Cyber Talk
Stopping Hackers: Best Practices for Weathering the Security Storm
By Matt Miller

Since the dawn of the digital age, there has been an ongoing battle between the hacker and the security administrator, who fights to maintain control while the hacker tries to gain control of the network. Both factions have weapons at their disposal to further their cause; and both refine their techniques and try to gain the upper hand. The hacker develops or shares rootkits, attack scripts and knowledge of how to attack networks, while the security administrator has a host of commercially available security products at his or her disposal. This battle continues to rage on with victories and defeats on both sides.

IT Exposure
In some ways, the “security guys” have given hackers easier access to our networks. This is as a result of three major paradigm shifts in the corporate IT infrastructure over the last decade that has made the network easier to breach:

Open Networks: As enterprises establish peering points to trading partners, vendors and other institutions, the attack vectors significantly increase.
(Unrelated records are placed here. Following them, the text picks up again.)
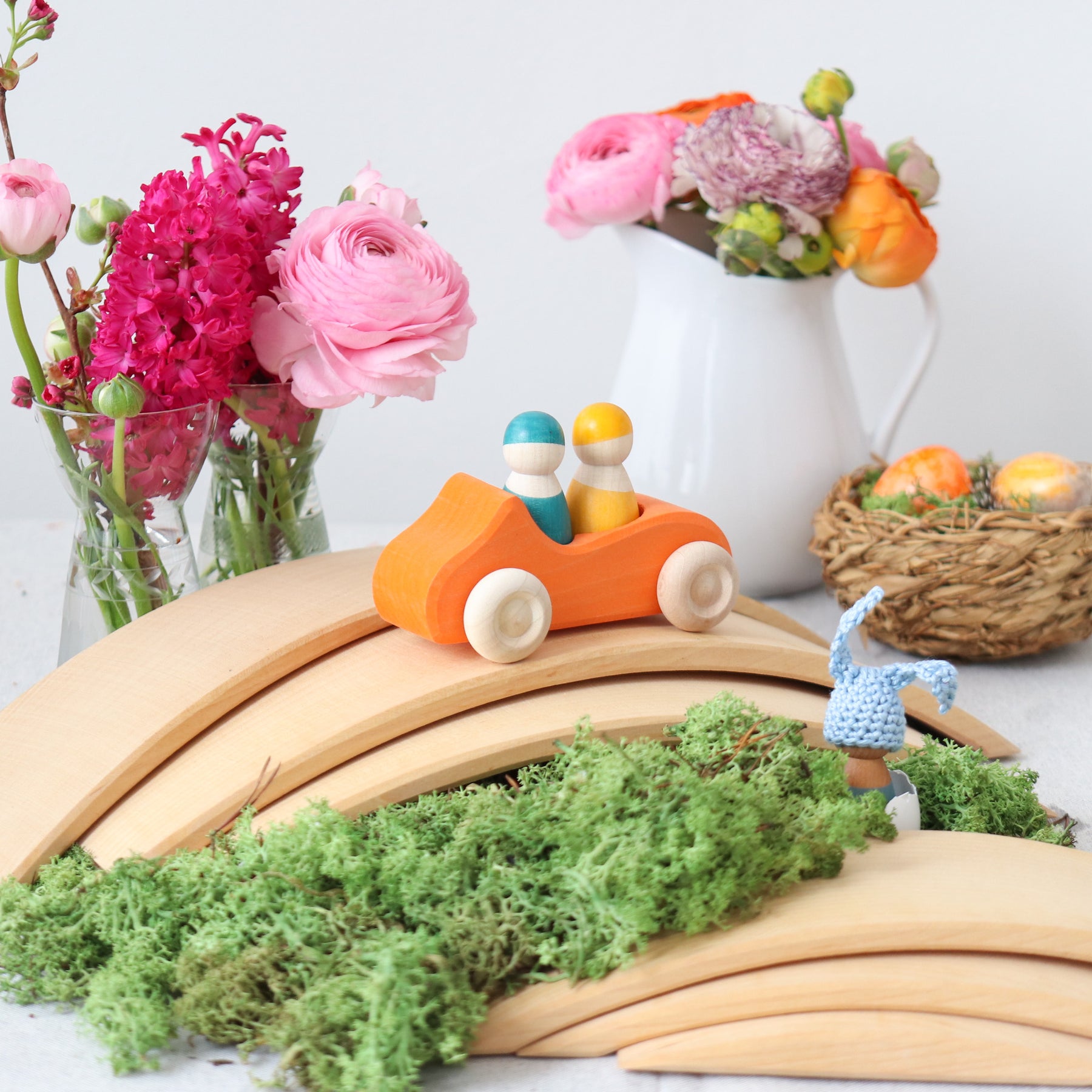 The Grimm's bridge is wonderful for playing with wooden trains, cars, etc. The stacking bridge is really versatile and ideal already for small children! Toddlers stack, sort and build and as the children get older they might use it as a cradle for dolls, as fence for animals, like a tunnel or bridge for vehicles, as house for dwarfs and dollhouse dolls, build amazing sculptures... this bridge will always be integrated in playing with a lot of fantasy.
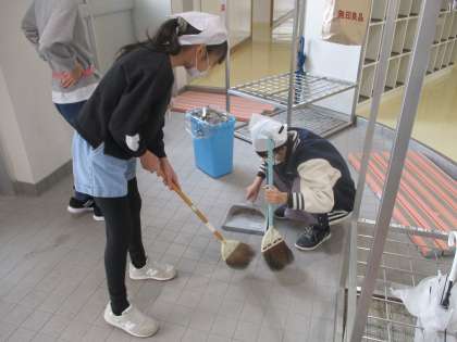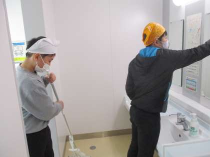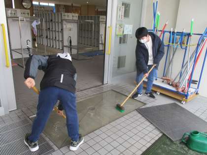 お世話になった校舎に恩返しをしようと、階段やトイレ、玄関などを清掃しました。限られた時間のなかで、一生懸命取り組みました。
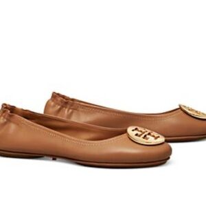 Elegant Tory Burch flats in a rich brown shade. Features a signature logo accent. Ideal for versatile styling.
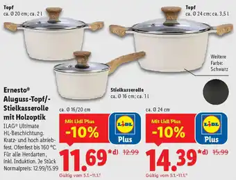 Jetzt im Angebot bei Lidl: Ernesto Aluguss-Topf/ Stielkasserolle mit Holzoptik ✅ Aktion gültig vom 4-01 bis 10-01.
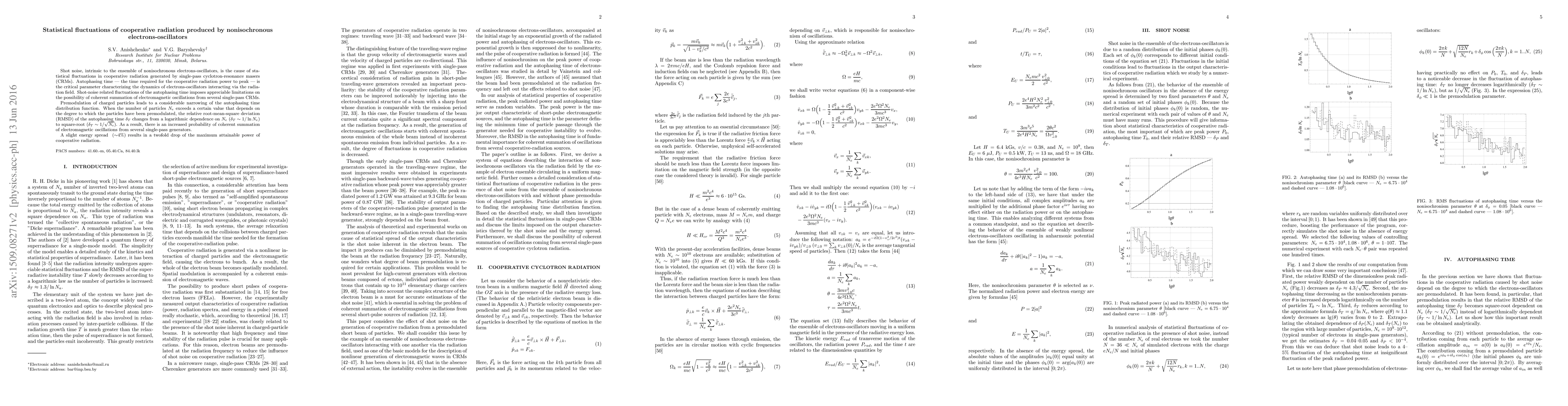 The paper explores statistical fluctuations in cooperative radiation from nonisochronous electron-oscillators in single-pass cyclotron-resonance masers (CRMs). Shot noise causes these fluctuations, affecting the autophasing time crucial for coherent radiation. Premodulation of charged particles reduces these fluctuations, enabling better coherent summation of EM oscillations from multiple CRMs. A small energy spread significantly decreases the maximum achievable radiation power.
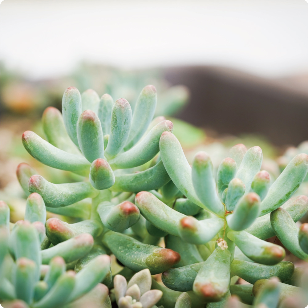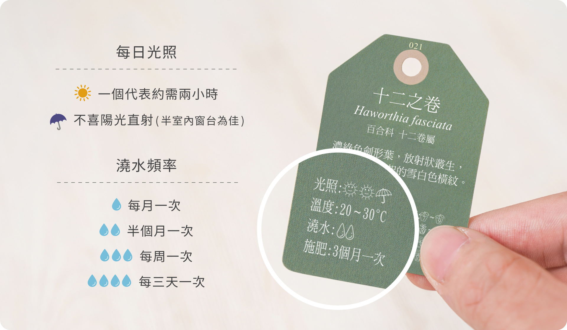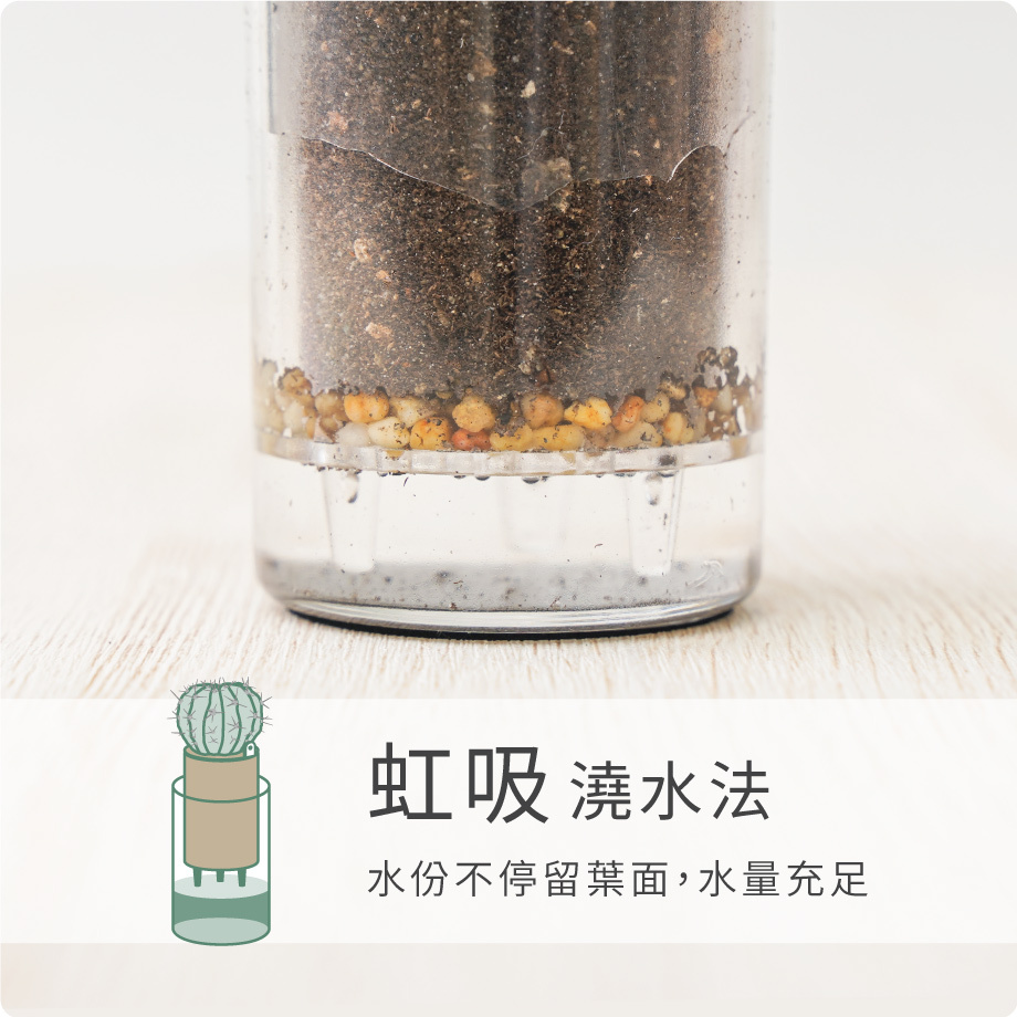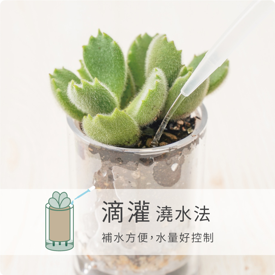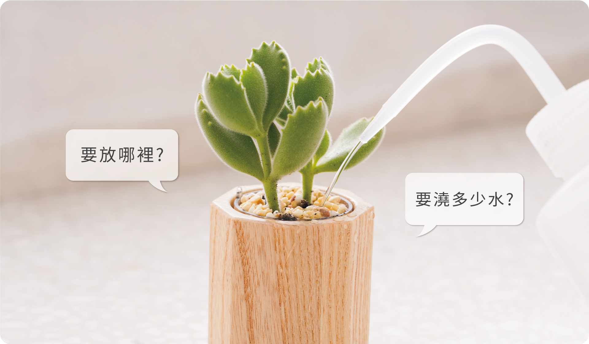 我們的植物會搭配專利設計的植栽罐,更方便澆水,請參照照顧小卡指示的水量給水,同時觀察多肉狀況,土乾時再給水,記得要配合季節調整喔!

Homogeneity of IT Systems: With increasing homogenization of systems, services and vulnerabilities, attacks are becoming more virulent and damaging. Our current IT monoculture pervades common services and applications. This unwittingly provides hackers with an unprecedented opportunity to damage much of the IT infrastructure through attacks that are targeted at a common application or service.

Homogeneity of System Defense: The security posture that many organizations have taken involves the deployment of general-purpose security products and “one size fits all” solutions. Thus, if a common security product or approach is blind to an attack, all sites using this product are essentially blind to that attack.

Attack Velocity
While networks have become more susceptible to attacks, hackers have refined their attacks to be more efficient and damaging. Attack velocity has increased to such a degree that networks with vulnerable systems can suffer widespread infection in minutes. The Slammer worm, for example, infected 90 percent of the vulnerable systems on the Internet within 10 minutes. While signature development and patch management have helped reduce exposure to known vulnerabilities, these techniques simply cannot keep up with the increasing speed at which new vulnerabilities are being exploited. According to Gartner Research, “the ratio of cyber attacks exploiting vulnerabilities where a patch has been available for less than 30 days will increase to 30 percent in 2006.”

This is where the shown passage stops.